▶ TASK
Produce a verbatim copy of the records, and keep the images out of it.

▶ DATA EXCERPTS
+ + + + +

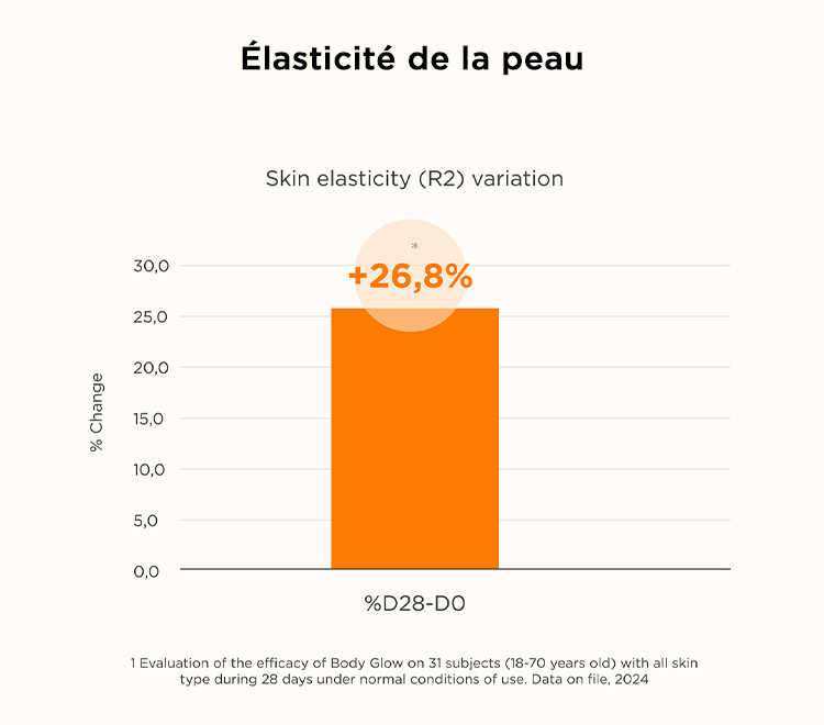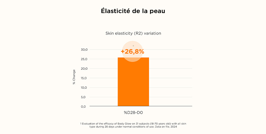 Body Glow SPF 30 améliore l'élasticité de la peau jusqu'à 26,8 % après 28 jours d'utilisation.
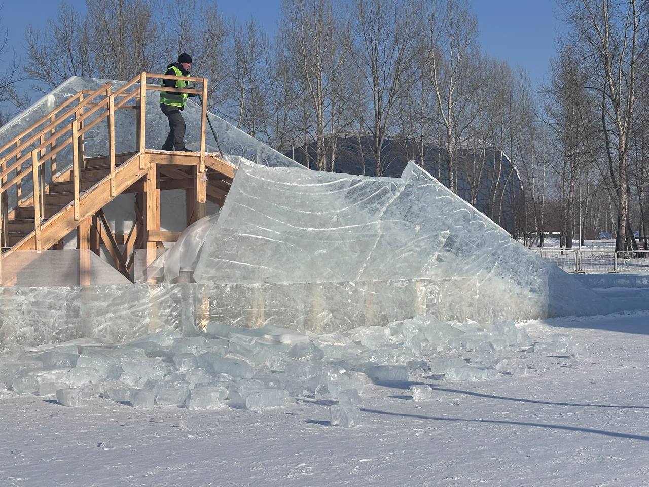 В красноярском Татышев-парке разбирают ледовый городок Фото: Татышев-парк Завершил свою работу ледовый городок возле главной ёлки Красноярска на острове Татышев.
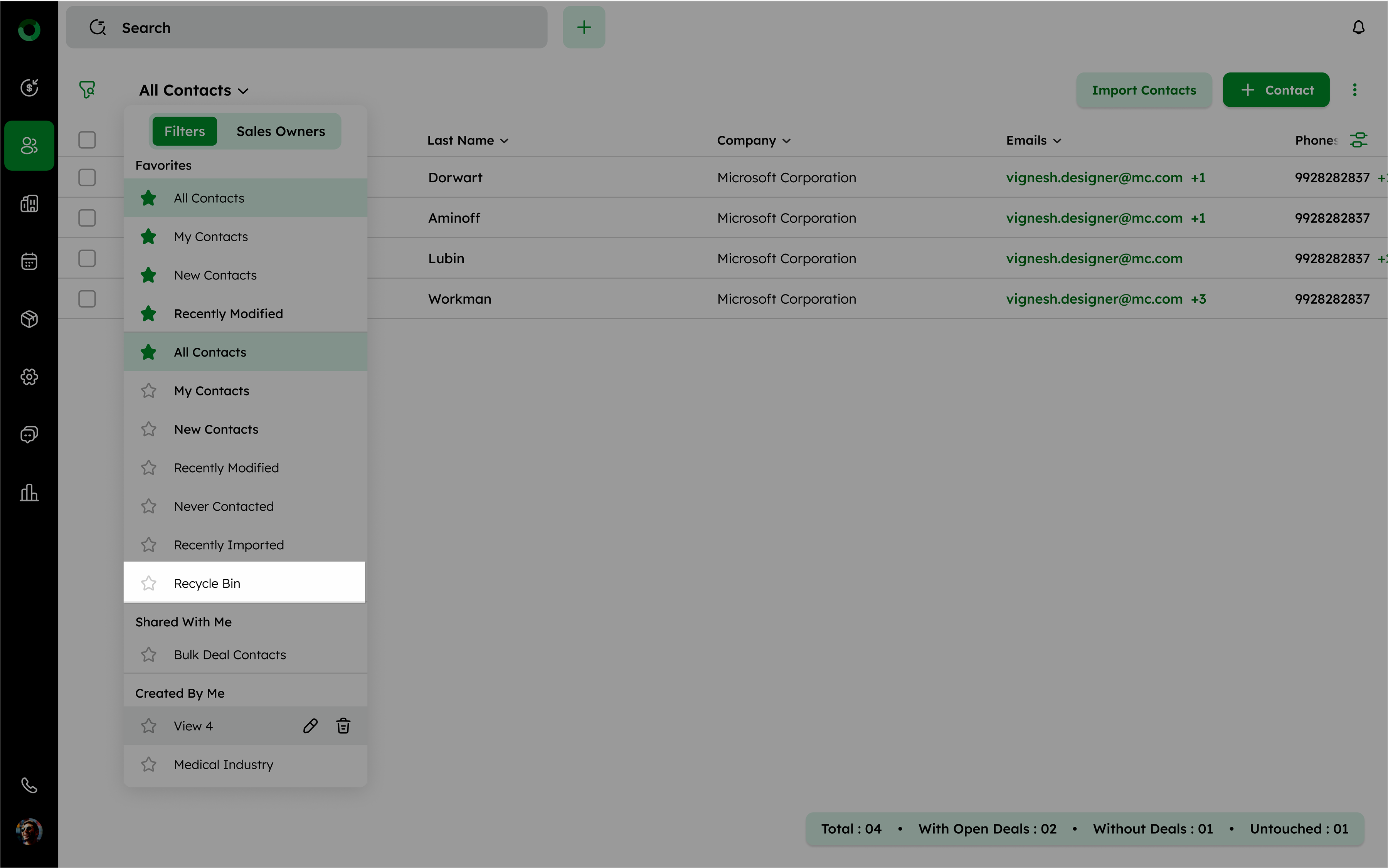 - Click on the Recycle Bin located at the bottom of the Filters option. This will navigate you to another screen where all deleted contacts are listed.
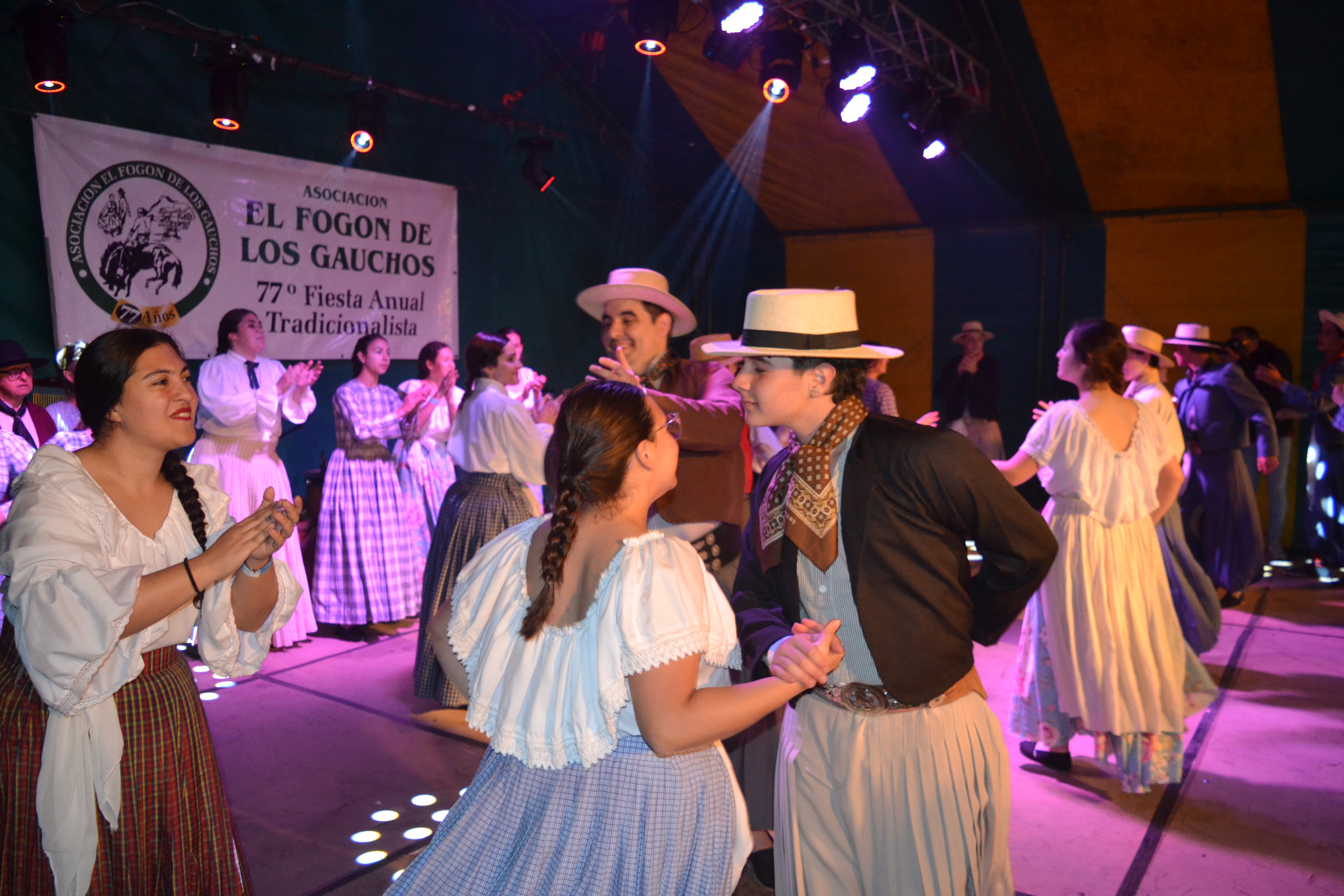 La 77° Fiesta Anual Tradicionalista de "El Fogón de los Gauchos" vivió el sábado una jornada cargada de emociones. Pese a que la lluvia obligó a suspender las actividades previstas en el campo de jineteadas durante la tarde, el espíritu festivo se trasladó a la noche y colmó el parque social con un gran marco de público.
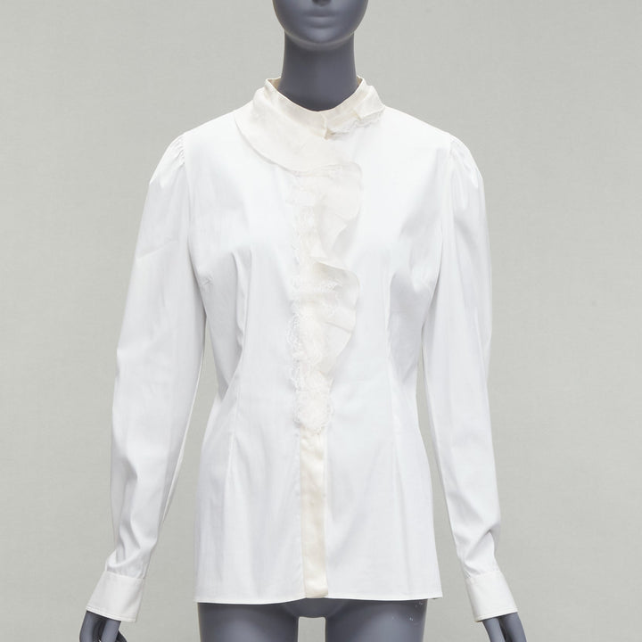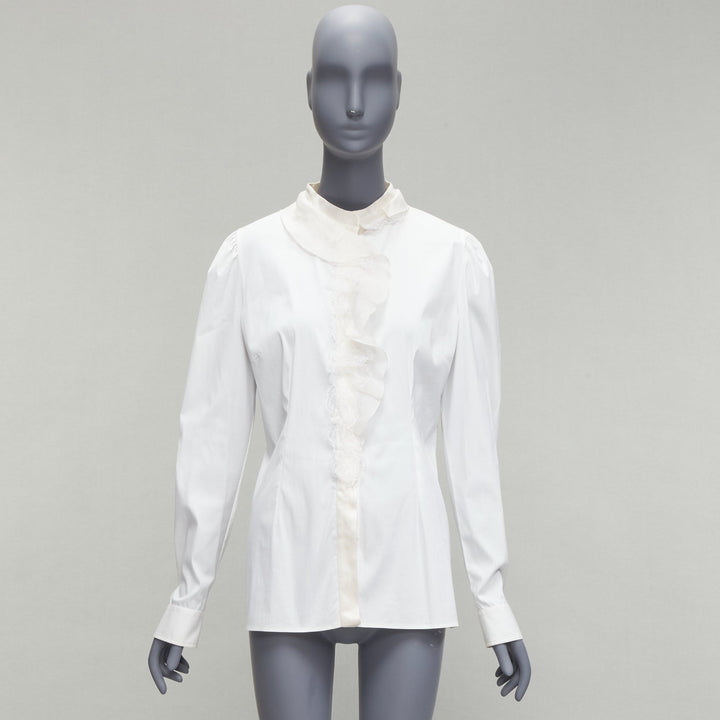 DOLCE GABBANA ivory lace ruffle collar long sleeve fitted dress shirt IT46 XL
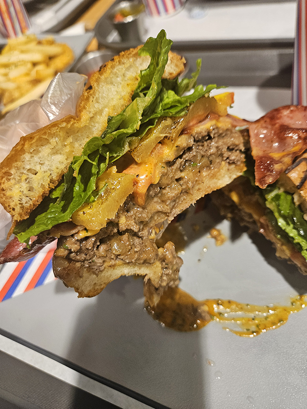 음식이 나왔을 때 비주얼부터 놀랐어요. 크기가 꽤 큰데 내용물이 빵빵하게 채워져 있어서, 한 입에 들어갈까 싶었죠. 톰스테이크바그는 버터에 바삭하게 구운 번 사이로 패티, 파인애플, 베이컨, 치즈까지 모든 게 완벽하게 쌓여 있었어요. 씹을 때마다 패티에서 나오는 육즙이 진짜 대박이었어요. 그리고 파인애플의 상큼함이 바그에까지 번져서 일반적인 햄버거에서는 상상도 못할 조화를 만들더라구요.
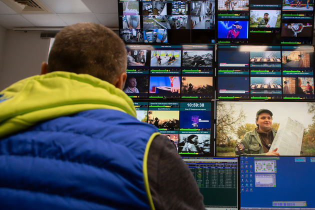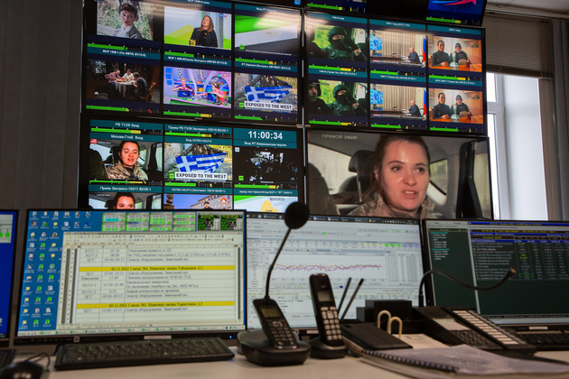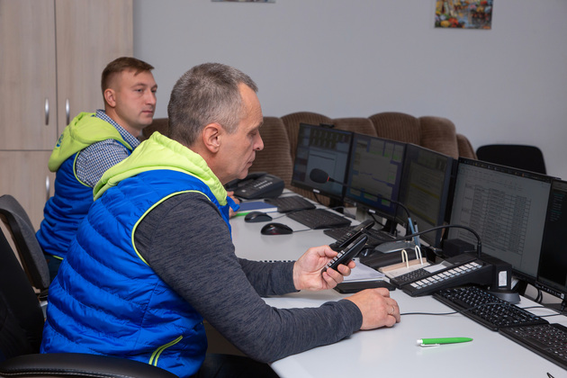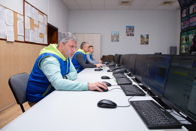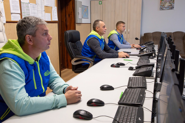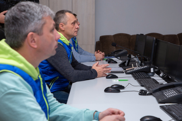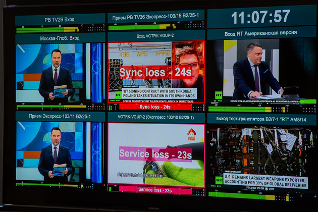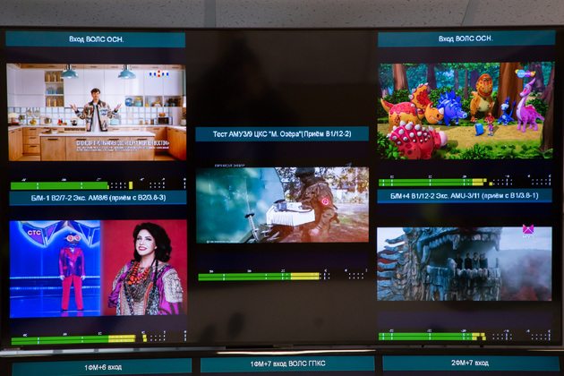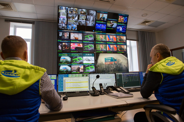 О том, как работает комплекс, журналистам рассказали начальник станции спутниковой связи «Владимир» Сергей Кондрашов и его заместитель по эксплуатации Иван Кужель. Удалось заглянуть в главную аппаратную, где очередная смена специалистов круглосуточно следит за качеством передачи трансляции телеканалов, в том числе 20-ти федеральных эфирных. Каждый из телеканалов передается на огромный дисплей в двойном изображении, показывая специалисту входящую со спутника «картинку» и исходящую. На случай сбоя или плановой профилактики оборудования подключается резервное оборудование.

+ + + + +

▶ RESPONSE
 Body Glow SPF 30 améliore l'élasticité de la peau jusqu'à 26,8 % après 28 jours d'utilisation.
 В красноярском Татышев-парке разбирают ледовый городок Фото: Татышев-парк Завершил свою работу ледовый городок возле главной ёлки Красноярска на острове Татышев.
 - Click on the Recycle Bin located at the bottom of the Filters option. This will navigate you to another screen where all deleted contacts are listed.
 La 77° Fiesta Anual Tradicionalista de "El Fogón de los Gauchos" vivió el sábado una jornada cargada de emociones. Pese a que la lluvia obligó a suspender las actividades previstas en el campo de jineteadas durante la tarde, el espíritu festivo se trasladó a la noche y colmó el parque social con un gran marco de público.
 DOLCE GABBANA ivory lace ruffle collar long sleeve fitted dress shirt IT46 XL
 음식이 나왔을 때 비주얼부터 놀랐어요. 크기가 꽤 큰데 내용물이 빵빵하게 채워져 있어서, 한 입에 들어갈까 싶었죠. 톰스테이크바그는 버터에 바삭하게 구운 번 사이로 패티, 파인애플, 베이컨, 치즈까지 모든 게 완벽하게 쌓여 있었어요. 씹을 때마다 패티에서 나오는 육즙이 진짜 대박이었어요. 그리고 파인애플의 상큼함이 바그에까지 번져서 일반적인 햄버거에서는 상상도 못할 조화를 만들더라구요.
 О том, как работает комплекс, журналистам рассказали начальник станции спутниковой связи «Владимир» Сергей Кондрашов и его заместитель по эксплуатации Иван Кужель. Удалось заглянуть в главную аппаратную, где очередная смена специалистов круглосуточно следит за качеством передачи трансляции телеканалов, в том числе 20-ти федеральных эфирных. Каждый из телеканалов передается на огромный дисплей в двойном изображении, показывая специалисту входящую со спутника «картинку» и исходящую. На случай сбоя или плановой профилактики оборудования подключается резервное оборудование.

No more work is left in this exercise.